Data for this exercise
____
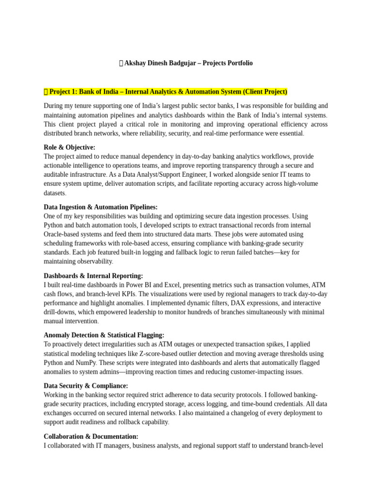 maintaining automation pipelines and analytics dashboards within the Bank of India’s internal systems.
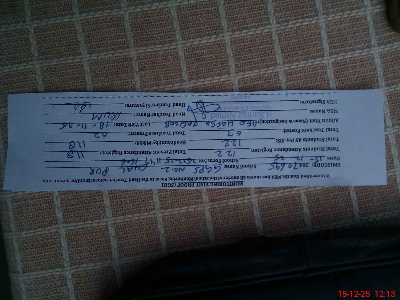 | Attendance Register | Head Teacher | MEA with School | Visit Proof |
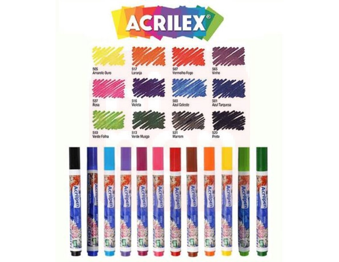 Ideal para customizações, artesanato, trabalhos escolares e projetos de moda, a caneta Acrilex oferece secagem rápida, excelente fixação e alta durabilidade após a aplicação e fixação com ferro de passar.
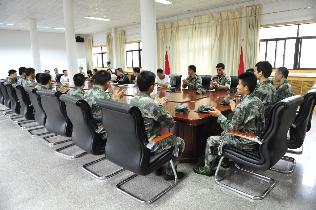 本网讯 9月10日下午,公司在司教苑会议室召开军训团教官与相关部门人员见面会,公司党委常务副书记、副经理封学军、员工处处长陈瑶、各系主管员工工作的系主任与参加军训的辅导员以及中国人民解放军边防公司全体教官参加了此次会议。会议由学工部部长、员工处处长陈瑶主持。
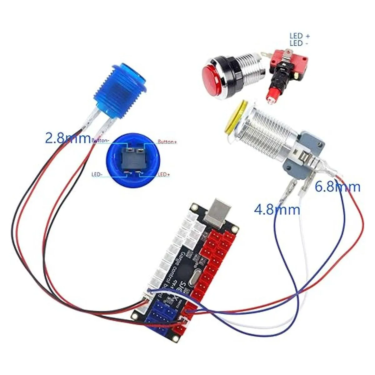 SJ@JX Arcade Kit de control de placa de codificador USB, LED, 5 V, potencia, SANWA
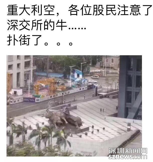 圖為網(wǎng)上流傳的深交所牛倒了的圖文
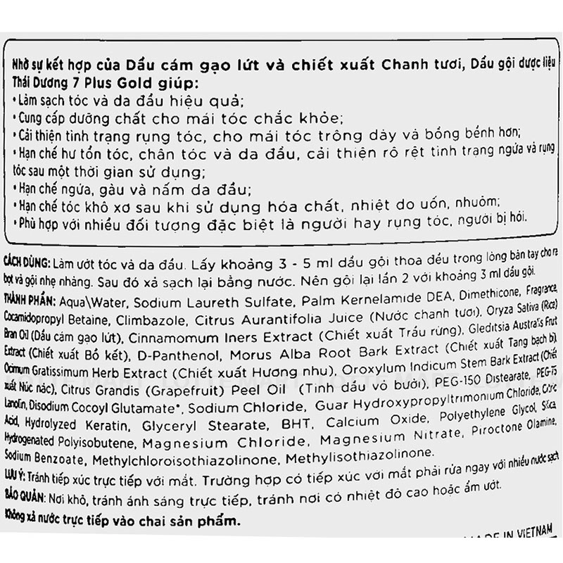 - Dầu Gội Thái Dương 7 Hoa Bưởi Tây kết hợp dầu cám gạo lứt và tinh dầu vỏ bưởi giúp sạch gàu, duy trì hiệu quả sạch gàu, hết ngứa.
____
What needs to be done
What is needed is a verbatim copy of the lines running from the one with "本网讯 9月10日下午,公司" through the last line of the listing above, excluding any pictures.

Output of the exercise
 本网讯 9月10日下午,公司在司教苑会议室召开军训团教官与相关部门人员见面会,公司党委常务副书记、副经理封学军、员工处处长陈瑶、各系主管员工工作的系主任与参加军训的辅导员以及中国人民解放军边防公司全体教官参加了此次会议。会议由学工部部长、员工处处长陈瑶主持。
 SJ@JX Arcade Kit de control de placa de codificador USB, LED, 5 V, potencia, SANWA
 圖為網(wǎng)上流傳的深交所牛倒了的圖文
 - Dầu Gội Thái Dương 7 Hoa Bưởi Tây kết hợp dầu cám gạo lứt và tinh dầu vỏ bưởi giúp sạch gàu, duy trì hiệu quả sạch gàu, hết ngứa.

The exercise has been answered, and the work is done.